Moreover, the significance of these early observational studies is that no other researchers have done what was done here in the Baldwin Research Project of 1990. No other research project, so far as is known, ever conducted an observational study of drug and alcohol users' cessation attempts where the researchers were, themselves, merely members of the study subjects' social community. And, so far as is known, no other published research observed the behavior of their study subjects without the study subjects knowing that they were being studied. The importance of these two facts cannot be overstated. The two studied groups, the control group and the test group, were free to behave any way they chose, unfettered by the inevitable external influence of knowing they were being observed. The only difference between the control group (10 meetings of Alcoholics Anonymous) and the test group (38 subjects of the Baldwin Research Project of 1990) was the information they received and the self-determined social environment.

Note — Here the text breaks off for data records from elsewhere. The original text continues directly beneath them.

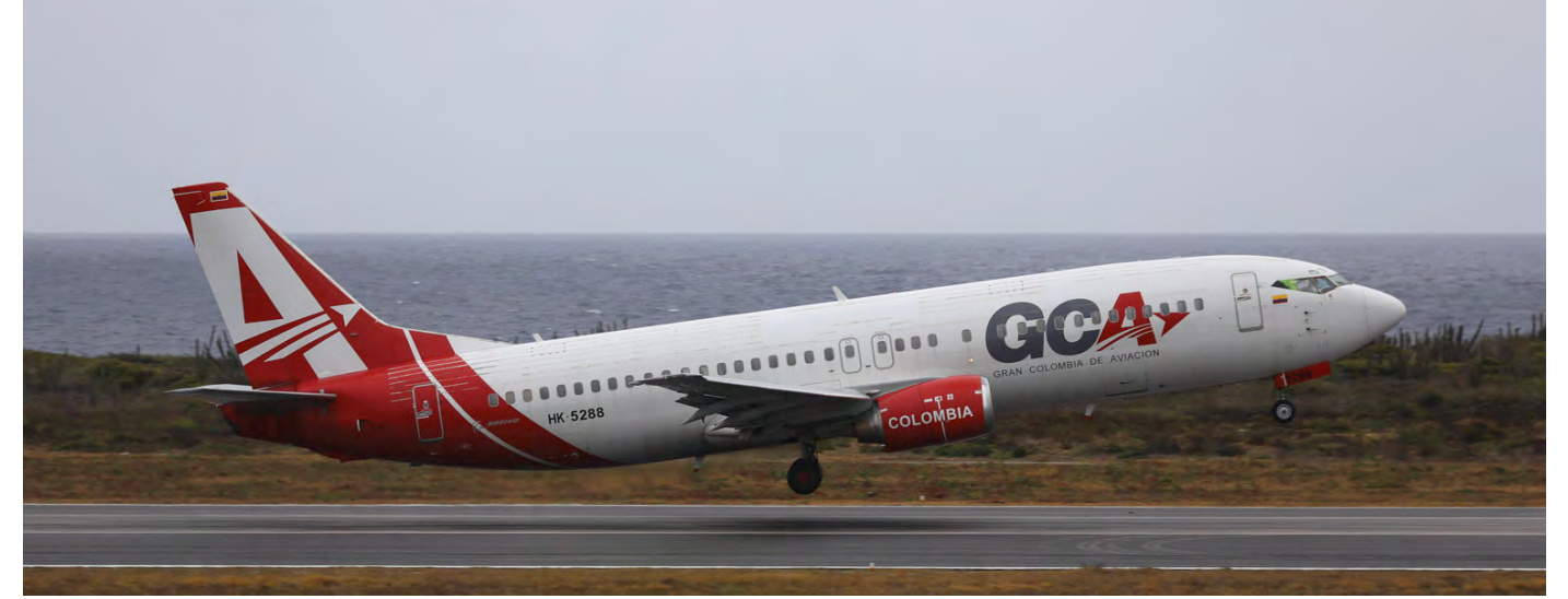
Gran Colombia de Aviación is the current operator of this former Air Busan Boeing 737. HK-5288 was delivered to GCA Air in July 2018. (Curaçao, 6 June 2021,)
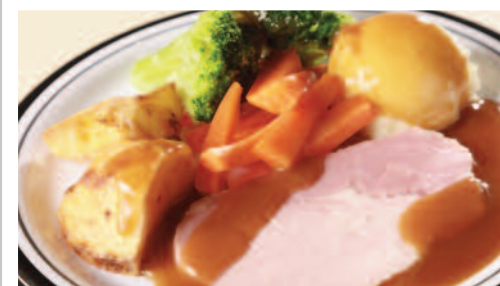
Honey Roast Gammon served with Roast/Mashed Potatoes, Seasonal Vegetables & Gravy
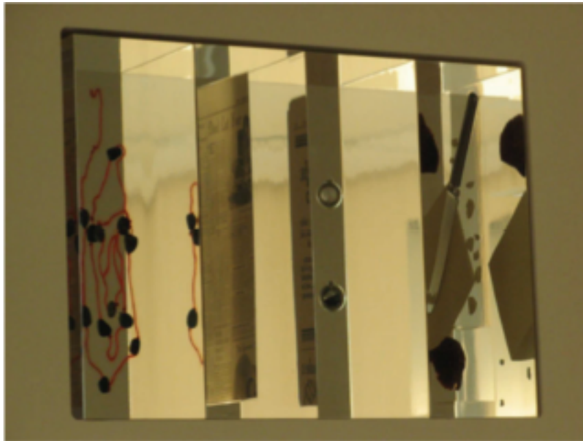
Figure 4. The Glass Library (detail) glass, acrylic, miscellaneous objects

development I was then employed independently by Gallaghers, the main developers, as arts consultant and also to work as part of the design team. This was a completely new and exciting experience. I had been given the opportunity within the main development to infuse some of my research findings into the fabric of the structures. The credit crunch obviously seriously impacted this development, the people and the place. Gallaghers were tied to the Section 106 agreement which brought with it an obligation to ensure all the art projects were realised. This included the commissioning of a community artist who worked directly with house owners as they moved into the development. My link with Cambridge has
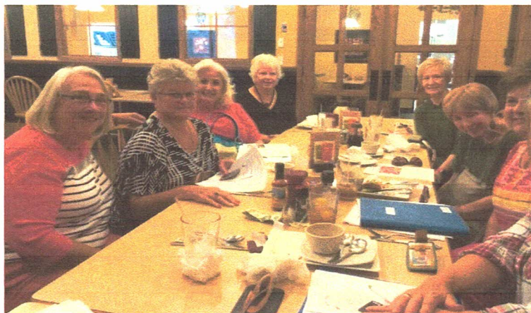
“Spring Fling” committee members are planning for March 3 event.
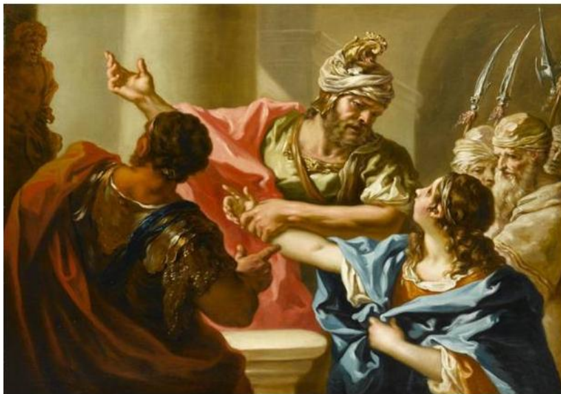
Figure 10. Giovanni Pellegrini (1675–1741): “Young Hannibal Swears Enmity to Rome”, 1731. There is an exceptional intentional resemblance between Hannibal and the Wise Son (or Scholar) of the Amsterdam Haggada (right).

Whoever drew the Maimonides portrait used skillfully the same successful principles of iconographic illustrations incorporating all Maimonides’ characteristics that would have been expected by the target readers.
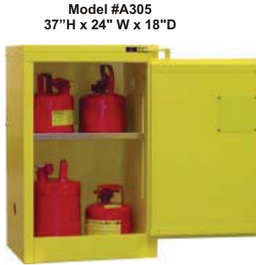
Model #A305 37"H x 24" W x 18"D
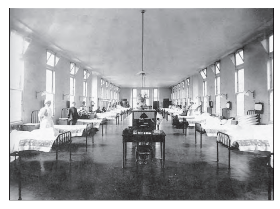
[A hospital ward in the early twentieth century]

The control group was exposed exclusively to the standard fare of Alcoholics Anonymous, i.e. "once an alcoholic, always an alcoholic," vis-a-vis the test group that rejected the aforementioned tenet of Alcoholics Anonymous and instead embraced the concept that they could and did change, and therefore, "recovered." The results were nothing short of astounding: the control group achieved less than a 10% abstinence rate, while the test group achieved a 75% abstinence rate, for the same length of time. Inasmuch as neither of these studies relied on self-reporting, but relied solely on clandestine firsthand observation, the results are thought to be far more reliable than any other study ever conducted.

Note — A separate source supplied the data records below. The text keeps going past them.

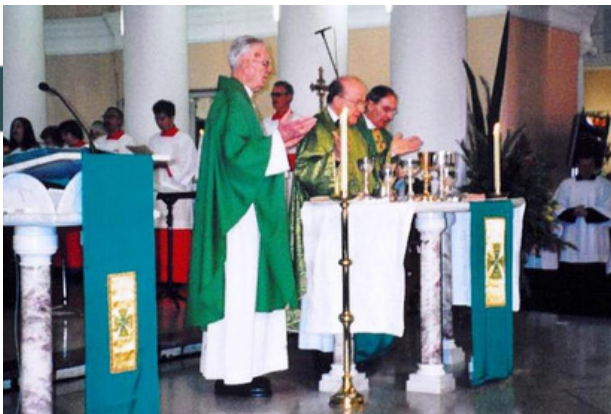
Mass at St Francis of Assisi, Paddington, NSW in May 2002 to launch Catholic Earthcare Australia.

In 2022, we celebrate Earthcare's ongoing role in leading Catholic families, schools and parishes in spiritual transformation, ecological dialogue and action to care for our common home.
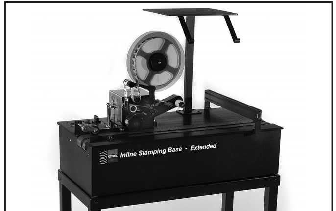
Postmatic Inline Stamp Affixing System

INLINE DIVERT SYSTEM: Postmatic has a complete line of Inline Divert Bases in lengths of 16", 24" & 48" long and available in Left to Right or Right to Left feed configurations. Handles up to 10x13 pieces and has Dry Contact, Electro-mechanical gate actuation. Great for use with Camera Systems or other controlling devices.
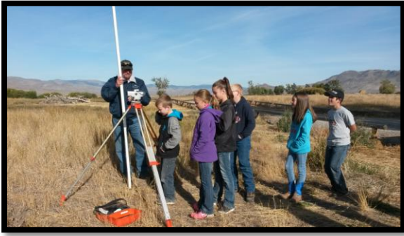
Annual 5 th Grade Tour: Students are given an opportunity to use survey equipment.
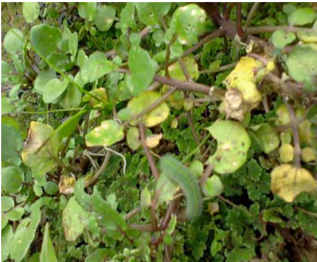
Figure 3. Aster yellow disease and cabbage worm infestation
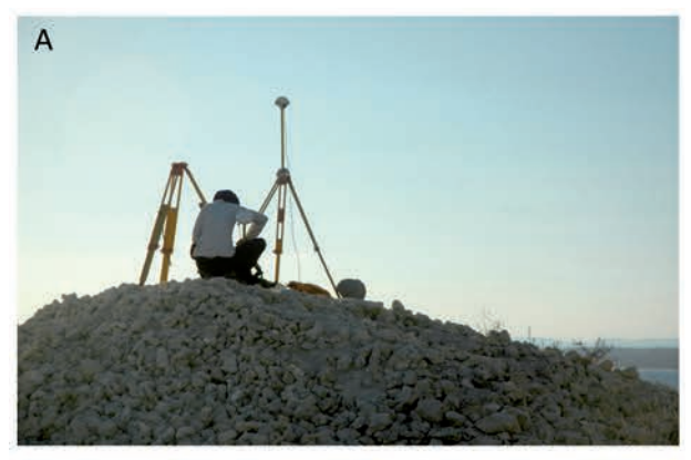
Figure 1.4. The Cartographic Project: A-B) Differential GPS survey (CNRS-Archéorient); C-D) Drone and pole photogrammetry (Iconem).

The archaeological material unearthed during excavations has been recorded in dedicated databases and studied by specialists; apart from the
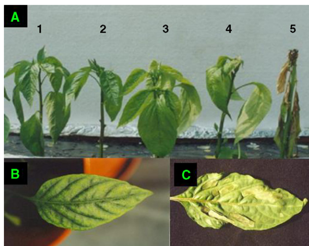
Fig. 1. Severity of leaf symptoms on 26 days old pepper plants grown in nutrient solution containing 100 mM NaCl. All genotypes were scored by using 1–5 scores. (A) Leaf chlorosis and necrosis: 1, no or very slight; 2, slight; 3, mild; 4, severe and 5, very severe). (B) Chlorosis and (C) necrotic damage on the leaf.

In the first experiment, seeds of 102 pepper genotypes (Table 1) were germinated for 12 days at 30 °C in perlite under greenhouse conditions, and the seedlings emerged were then transferred to 50 L plastic pots containing aerated nutrient solution consisted of 2 mM Ca(NO 3 ) 2 , 0.88 mM K 2 SO 4 , 1.0 mM MgSO 4 , 0.25 mM KH 2 PO 4 , 10 μmol H 3 BO 3 , 0.5 μmol MnSO 4 , 1 μmol ZnSO 4 , 100 μmol Fe EDTA; 0.2 μmol CuSO 4 and 0.02 μmol (NH) 6 Mo 7 O 24 . Nutrient solutions were renewed every 3 days. The pepper plants were grown in the nutrient solution without salt treatment up to 6–7 true leaf stage (14 days after transfer to nutrient solution). Then, NaCl was supplied as 25 mM increments every 12 h until a final concentration of 100 mM (10.9 dS/m at 25 °C). The plants were grown for 10 days under 100 mM NaCl. On day 26 in nutrient solution, genotypes were scored and classified according to the severity of leaf symptoms caused by 100 mM NaCl by using a 1–5 symptom scale (Fig. 1). As shown in Fig. 1, severity of leaf symptoms (leaf chlorosis and necrosis) was ranked as following: (1) no or very slight, (2) slight, (3) mild, (4) severe and (5) very severe. Based on the severity of leaf symptoms, six
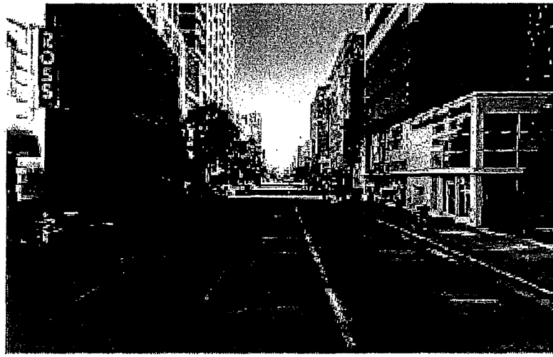
10 4th St San Francisco, CA 94103
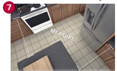
Measure the clearance for desired path.
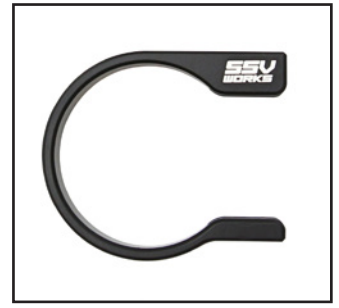
3. Ring Clamp x 4
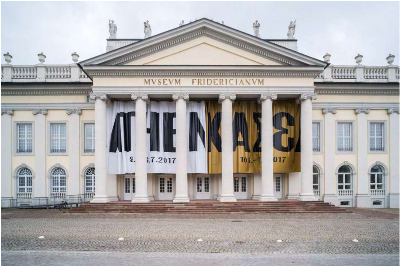
Fridericianum, Kassel.

of shifting into the questions asked and the pursuit for answers might be more helpful.
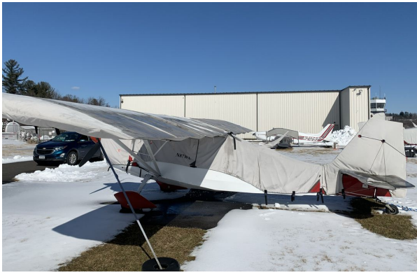
American Champion Decathlon Extended Canopy, Engine, Wing & Empennage Covers
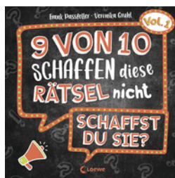
9 out of 10 Can't Solve These Puzzles (Vol. 1)

This would have been a great story but for the lack of understanding by the researchers as to what they had discovered. The researchers concluded that the positive message that one could recover from the fraudulent condition known as "alcoholism" was true. At the time, what had really happened lingered in obscurity and would remain there for many years. Simply put, unbeknownst to the researchers at the time, these subjects were beginning to understand their wants and desires, their free will and autonomy, (the three inherent human attributes described in Cognitive Behavioral Learning) resulting in a new way of thinking about themselves and their environment. Fortuitously, these first two studies set the researchers on a course that led to real solutions for problems with substance use, along with solutions for most other unwanted habitual behaviors (including most "mental illnesses"). But this path to Cognitive Behavioral Learning, which would eventually be understood fully in 2015, was a long and circuitous one fraught with dead ends, misunderstandings and utter frustration. Nonetheless, the researchers ventured forward bolstered by the possibility that they may have successfully broken through into a whole new paradigm.